When purchasing any business, it’s extremely important to look at the competitors of that business! These individuals or companies can give you invaluable information about the business venture you’re about to undertake, like whether you should actually buy the business or not! Websites are the exact same way.
The easiest way to find competitors of a website is to look at the search results for some of the keywords that the website ranks for. If you see a particular website showing up in the results for multiple keywords your target website is writing for, they’re likely a direct competitor of yours!
I always like to collect about 10 of these frequent competitors and take a bit of a deeper dive into them. This amount should give you a good idea on the website’s total scope of competition.
The first thing to look at is if the competitors are massive companies or organizations or not. If most or all of a website’s competition are big players, there’s two sides to the coin. On one hand, it means that it’s a very lucrative space with lots of money to be made and a large audience.
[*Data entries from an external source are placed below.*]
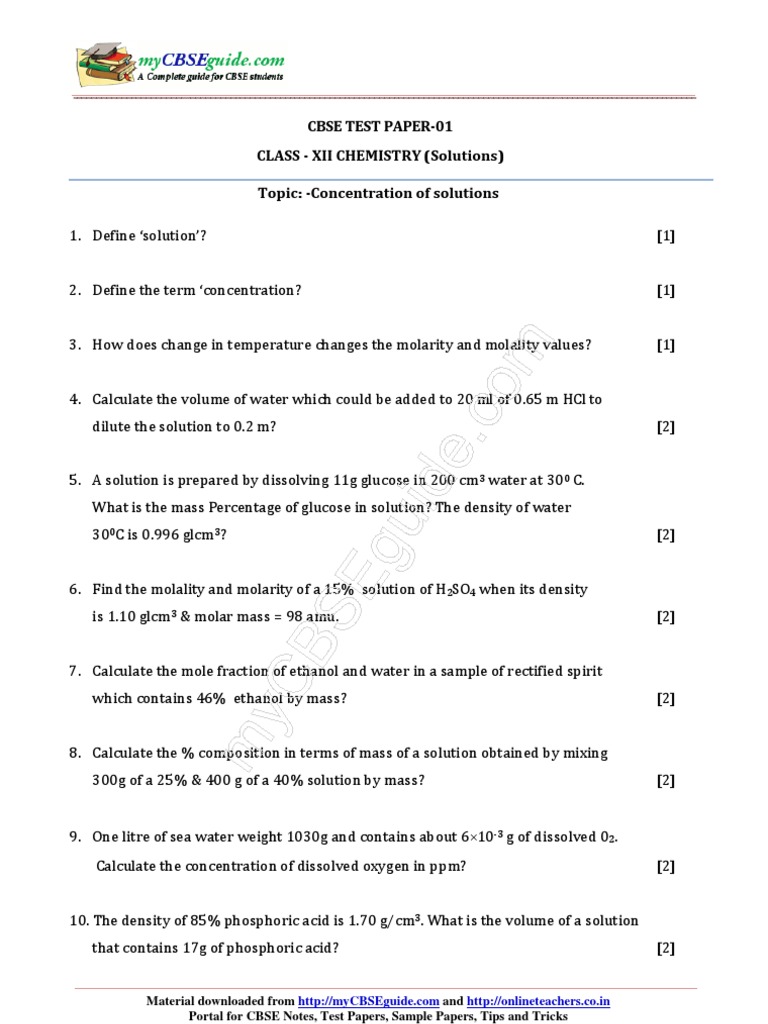 Molarity Questions - Practice Questions of Molarity with Answer ... - BYJUS Calculate the molarity of the solution. Answer: The chemical formula of hydrochloric acid = HCl The chemical formula for Water = H 2 O The molecular weight of HCl = 35.5 ×1 + 1×1 = 36.5 moles/gram The molecular weight of H 2 O = 1 ×2 + 16 ×1 = 18 moles/gram Given, mass of hydrochloric acid in the solution = 1.56 g
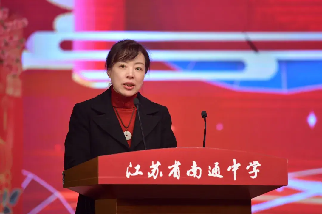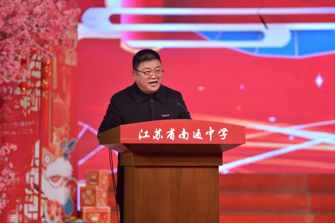 典礼开始,鞠九兵校长发表了热情洋溢的新年致辞。鞠校长代表学校向一年来辛勤耕耘、无私奉献、屡创佳绩的全校教职员工致以最崇高的敬意,他回顾了2021年南通中学取得的各类佳绩,站在新百年的起点上,鞠校长勉励全体通中人要秉承正道直行、积健为雄的优良传统,奋进新征程,迎接新辉煌。
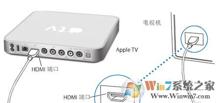 1、將APPLE TV用高清數(shù)據(jù)線連接到電視上面,電視必須藥有hdmi高清接口;
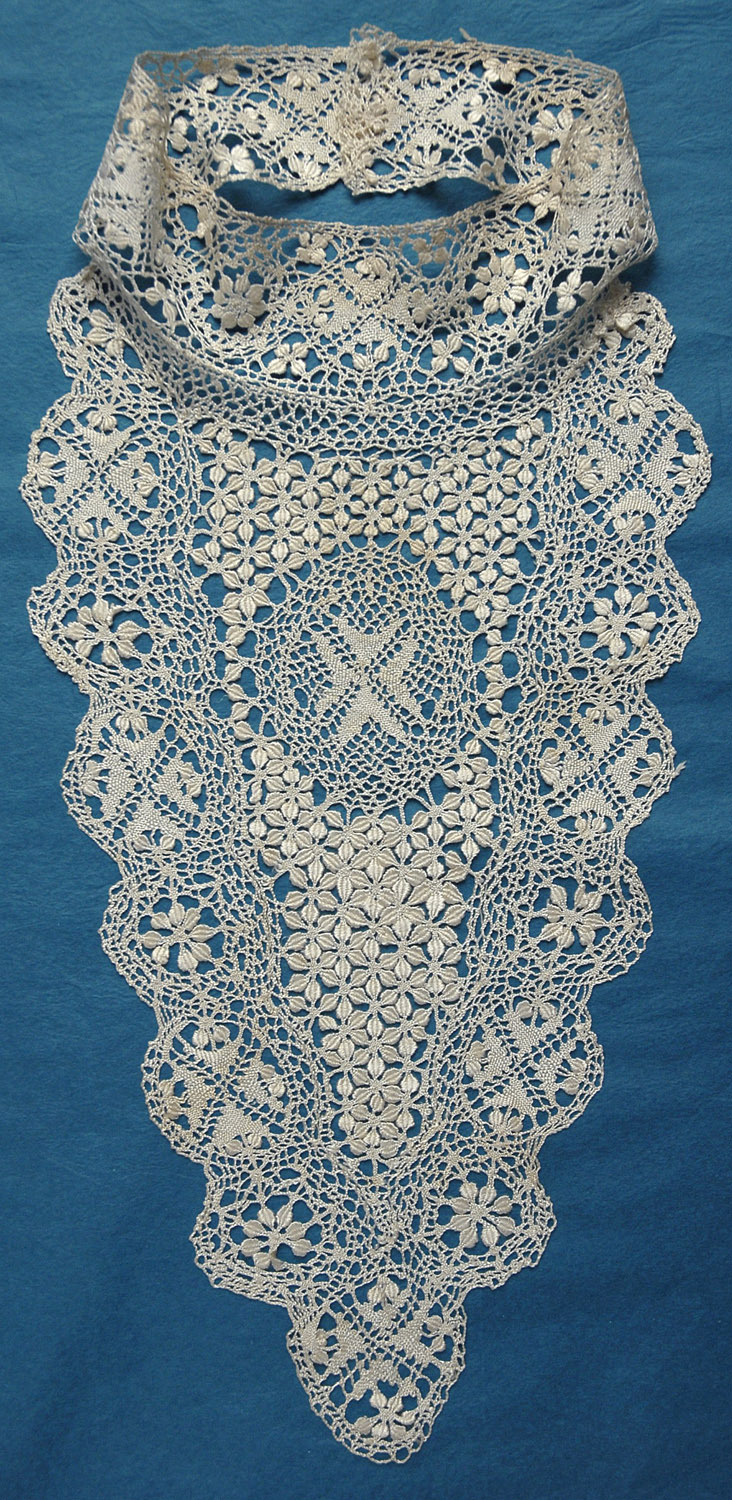 Comments: A Maltese frontpiece with attached choker collar. Good regular work with some fairly typical designs – condition looks very good. Seller cites one small repair to collar edge.
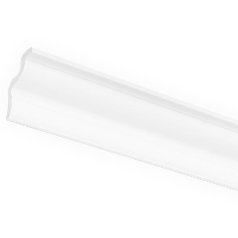 Cornișă tavan Decorif. Fabricată din duropolimer, material compozit avansat, cunoscut pentru rezistența sa la umiditate, impact și variații de temperatură. Materialul duropolimer oferă stabilitate și rezistență, asigurând protecție împotriva zgârieturilor și deteriorărilor cauzate de mobilier sau alte obiecte.
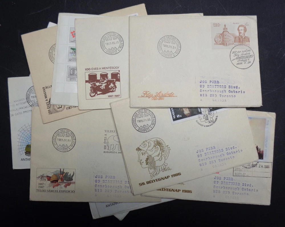Lot of Over 100 Hungary FDC's to Canada in Album. Includes 30 Registered Covers from 1983-1987. All covers are addressed to Scarborough Ontario, MIB 2N3 Toronto, Canada. ***** Email us about signing up for our mailing list******* Exciting new items every day Philately - The Quiet Excitement Shipping We try to Ship Within 5 Business Days of Cleared Payment Will calculate international shipping PLEASE READ International Buyer's Shipping Instructions International shipping "" First Class Registered ENVELOPE " NO EXCEPTIONS ! ** Insurance, Registered mail or Confirmation/Signature Guarantee is included in the price of shipping for the USA only ** Our goal is to please our customers, provide quality and unique items, have successful transactions and earn positive feedback with a 5 star rating. We strive for accurate descriptions, quick turnaround, detailed communication, and reasonable shipping charges on every lot. Your feedback is important to us. If you feel anything about the transaction was less than 5 star, please give us the opportunity to rectify the situation Thank you The Staff at Henry Gitner Philatelists, Inc.
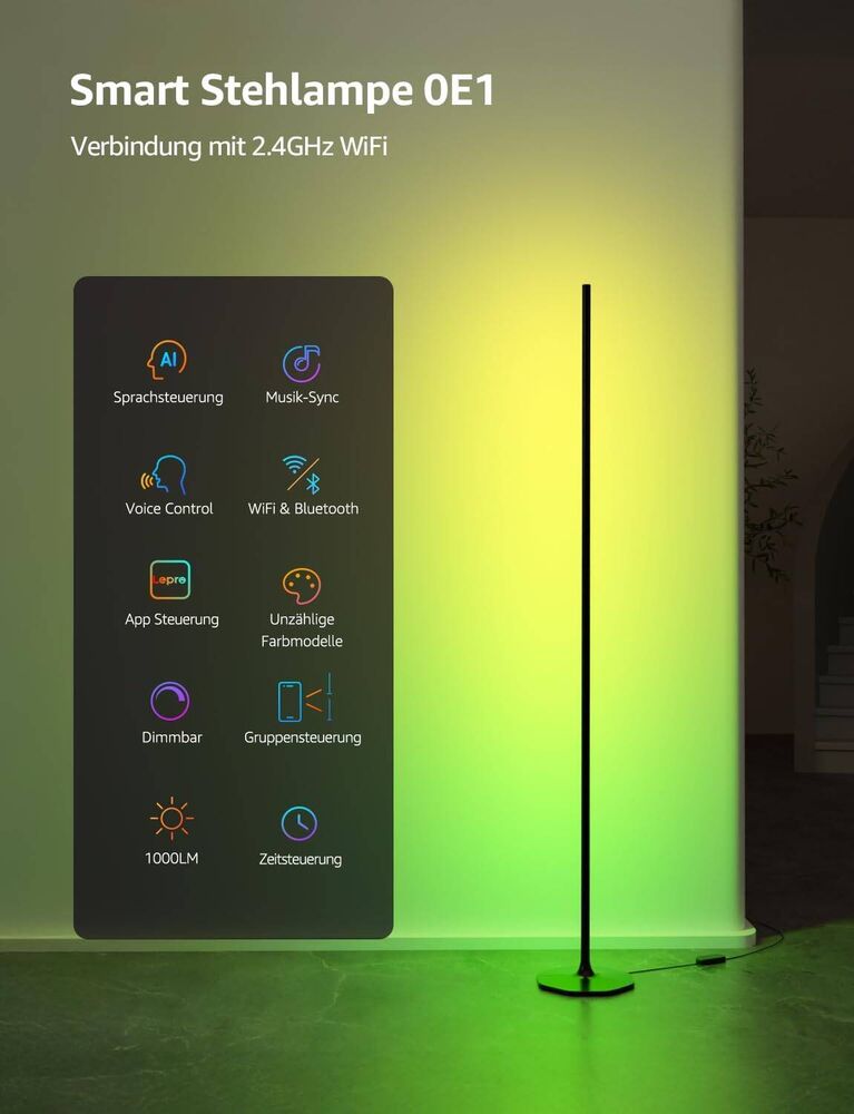Lepro AI Smart Stehlampe Wohnzimmer OE1, Stehlampe Dimmbar, Sprachsteuerung/Musik Sync/DIY, Personalisierter KI-Lichtdesigner, Kompatibel mit Alexa/Google, 16 Millionen Farben
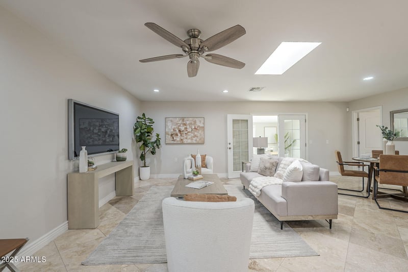 Listing details for 9917 Shiprock Dr, Sun, AZ 85351 : This three-bedroom, two-bathroom home offers approximately 1,909 square feet of living space. The property features polished travertine flooring throughout, creating a sophisticated and elegant atmosphere. The spacious floorplan boasts an open concept design, ideal for entertaining guests and everyday living. The home's newly remodeled kitchen is a true standout, with stainless steel appliances and ample counter space for the most discerning chef. The large, enclosed backyard provides a private and tranquil outing, perfect for relaxation or outdoor activities.
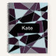 This simple notebook has an abstract triangle pattern that features grey, white, maroon, and black colors. Its super simple and easy to edit this notebook and place your own name or what this notebook is for where the word Kate is located.
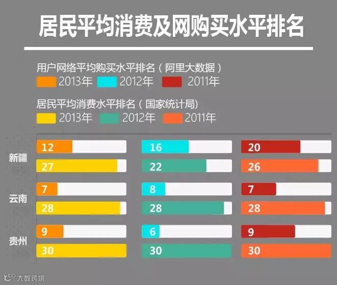 有趣的是,以2013年的排名来看,部分边疆省份出现了网络平均购买排名大幅超过居民平均消费排名的情况。其中,云南、贵州、新疆是两项排名差异最大的前三省份。这三省的居民平均消费水平分别为第28位、30位和27位,但其用户网络平均购买水平排名分别为第7位、第9位和第12位。是不是觉得很出人意料?
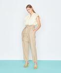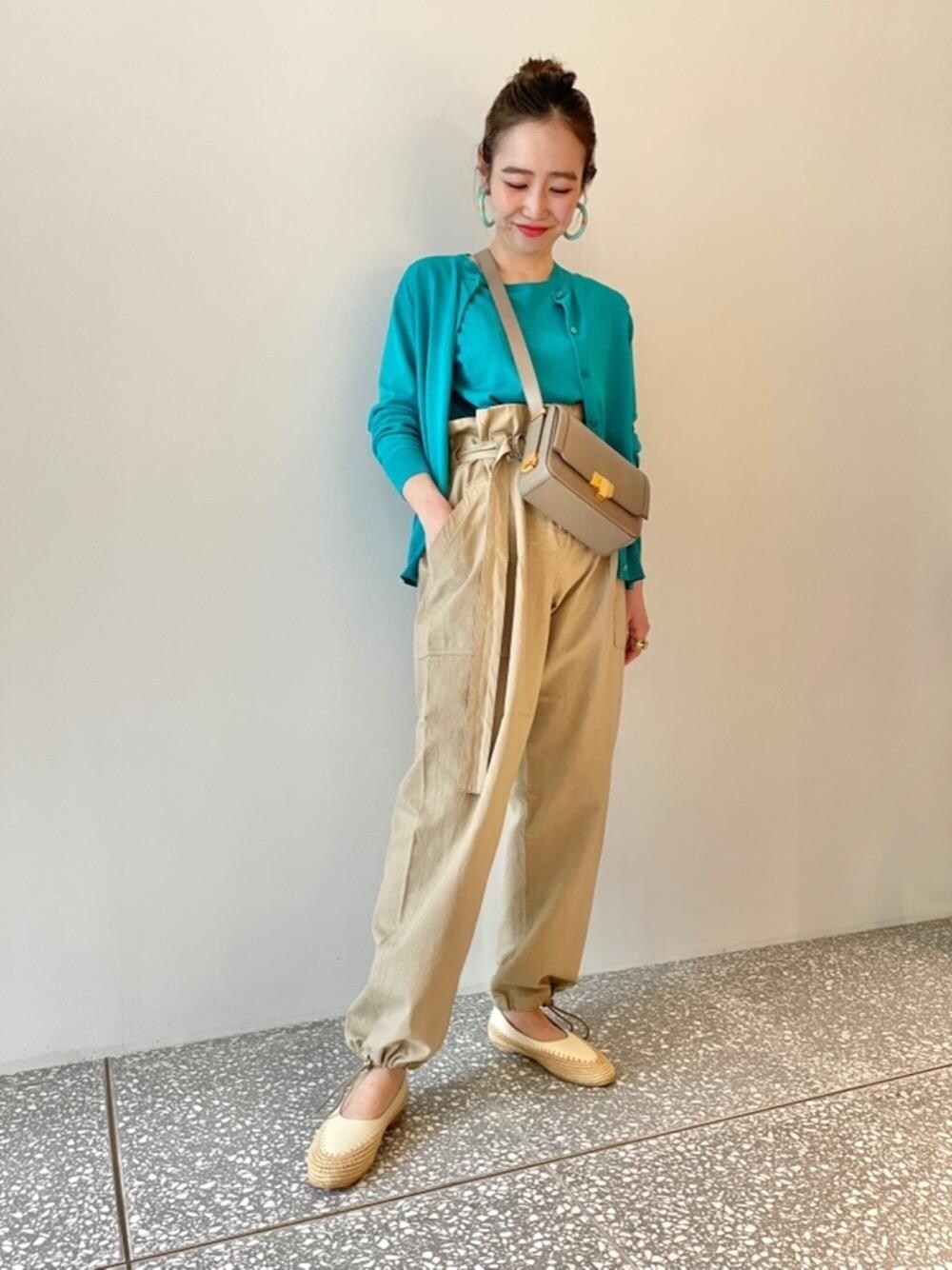 ●身長:156cm ●普段サイズ:トップス・ボトムス34か36 / シューズ23.5cm 【サイズ感】 トップス:肩周りコンパクト ボトムス:やや大きめ シューズ:標準的 【素材感・着心地】 トップス:柔らかく、フィット感があります ボトムス:薄手で涼しいです 【コーディネートポイント】 コンサバティブなテイストを取り入れたい気分の時は、同素材のノースリーブとカーディガンを合わせたアンサンブルがおすすめです。トップスがコンパクトなシルエットなので、ボトムスはボリュームの出るパンツでカジュアルダウンしてバランスを意識しました。
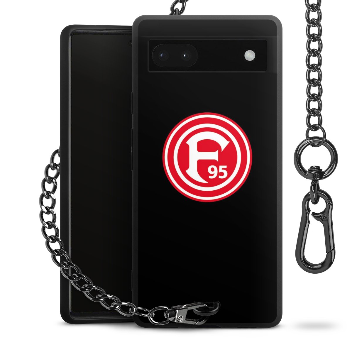 Die mattschwarze Silikon-Handyhülle besteht aus robustem TPU (thermoplastisches Polyurethan). Sie ist flexibel und schützt Dein Smartphone vor Stößen und Kratzern. Die Kette sowie der Karabinerhaken sind aus Metall in Gunmetal-Optik gefertigt. Für dieses Produkt kommen ausschließlich TÜV-geprüfte Materialien zum Einsatz.
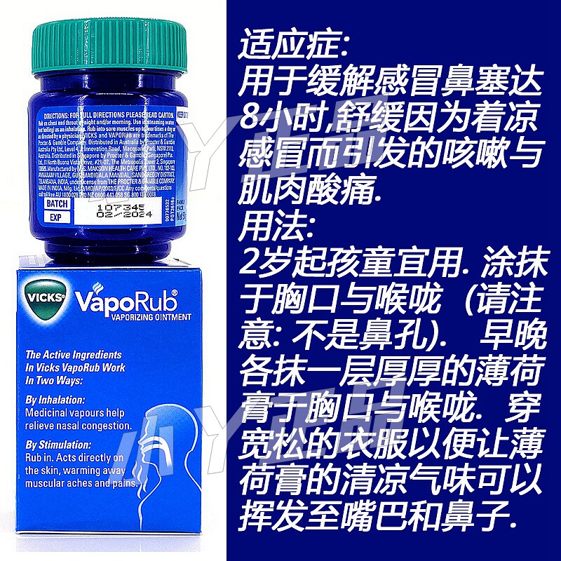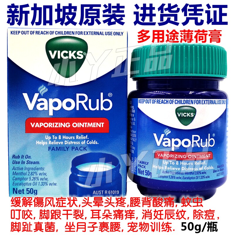 Singapore imported Australian Vicks VapoRub mint cream for adults and children nasal plug nose paste 50g
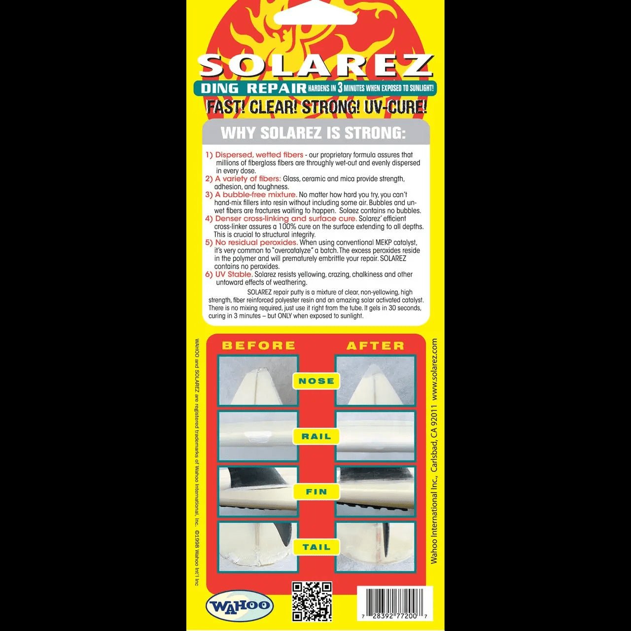 SOLAREZ repair putty is a mixture of clear, non-yellowing, high strength, fiber reinforced polyester resin and an amazing solar activated catalyst.
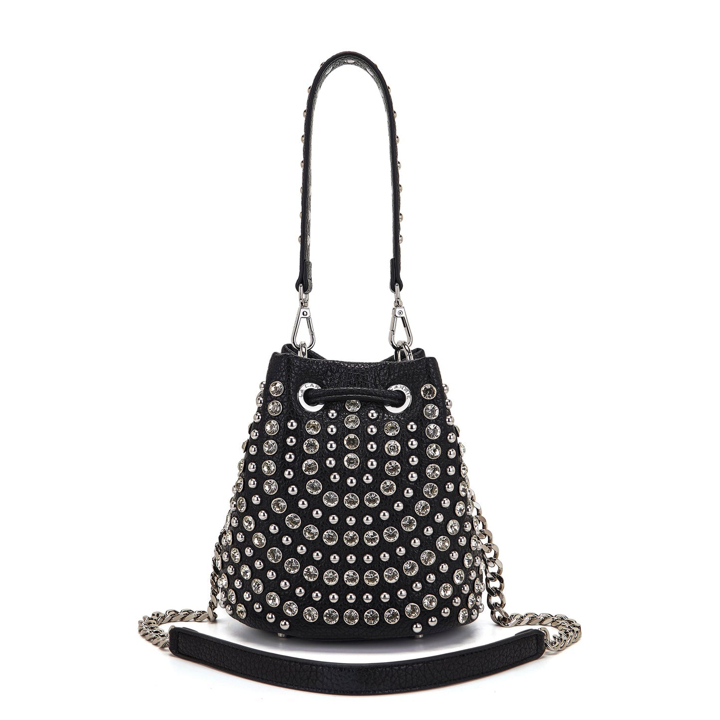 Secchiello in ecopelle con applicazioni di borchie e strass, manico e tracolla catena rimovibili.
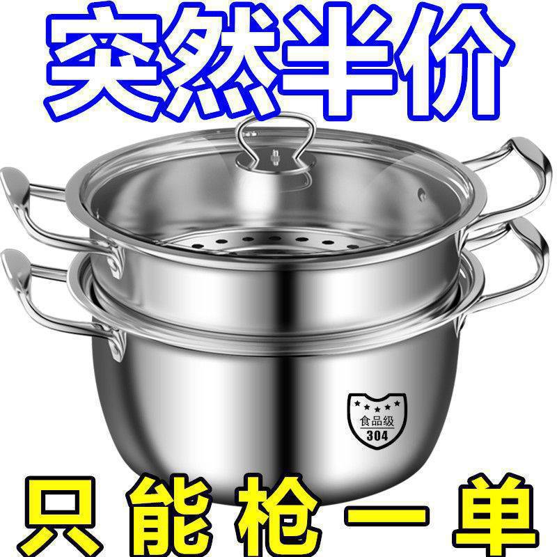 스테인레스 스틸 수프 냄비, 두꺼운 가정용 찜통, 대용량 우유 냄비, 학생용 만능 죽 냄비스토어 가기
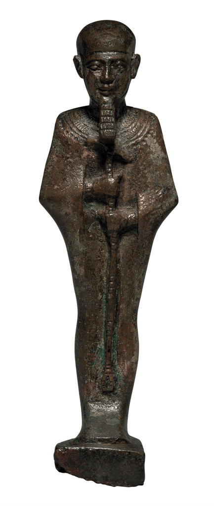 El faraón vestía un manto ceñido que le daba una forma parecida a la de una crisálida, quizá para acercar su figura a la idea de regeneración espiritual y física.
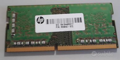4GB Memory Speed [MHz] -- 2400 MHz Memory Specification Compliance -- PC4-19200 Form Factor -- SODIMM 260-pin Technology -- DDR4 SDRAM Data Integrity Check -- Non-ECC RAM features -- Unbuffered, Non-Registered CAS Latency Timings -- CL17 Supply Voltage -- 1.2 V Fit -- Laptop notebook Perfettamente funzionante, sostituita per ampliare un notebook che ha uno slot solo. Spedizione esclusa Pagamenti accettati bonifico bancario
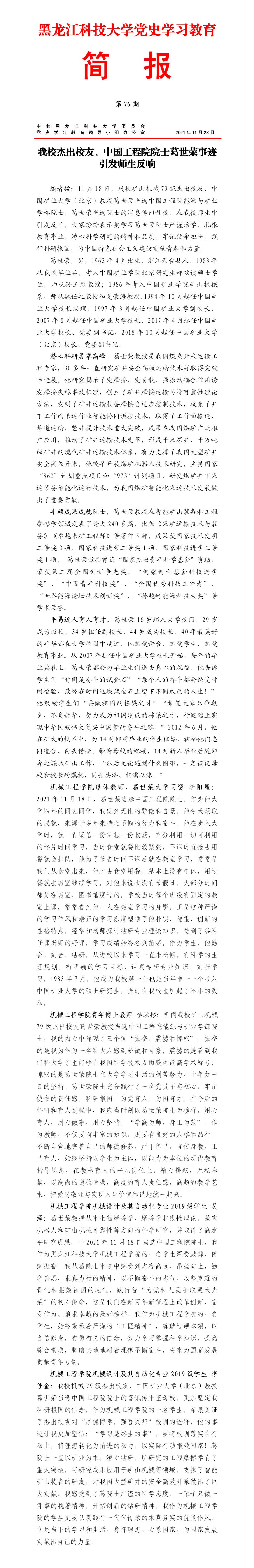 党史学习教育工作简报(第76期)
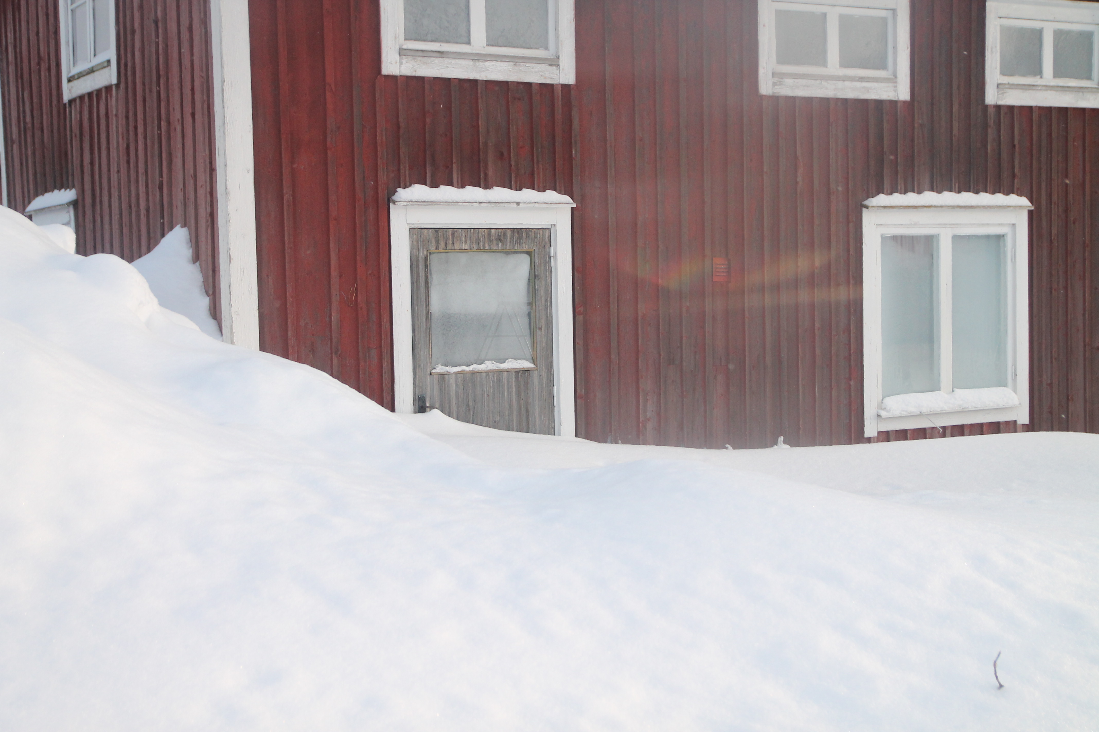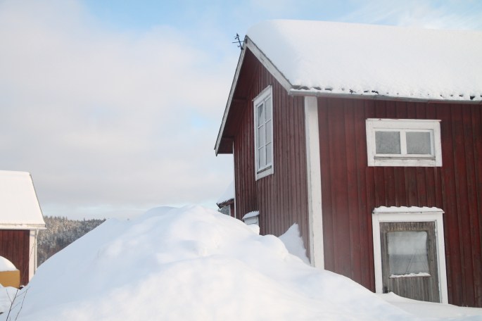 Där inne, bakom snöhögen och dörrhandtag-högt-snödjup.

However, on the other hand, it means that it could be very difficult to grow with such big players dominating the space.
In most cases, if more than a few of the competitors are very large publications, I would advise that you stay out of the space. Remember, we’re looking for websites with growth potential. Or, at the very least, a stable forecast. We don’t want a website that’s slowly going to be crushed by big players.
If most of the competition is made up of small, non-authoritative websites, then you’re likely in a good place!
We’ll want to use these competitors as a guide for content opportunities, monetization opportunities, and backlink opportunities. Essentially, we want to see what they’re doing well so that we can steal from them, and what they’re not doing well so that we can dominate those areas.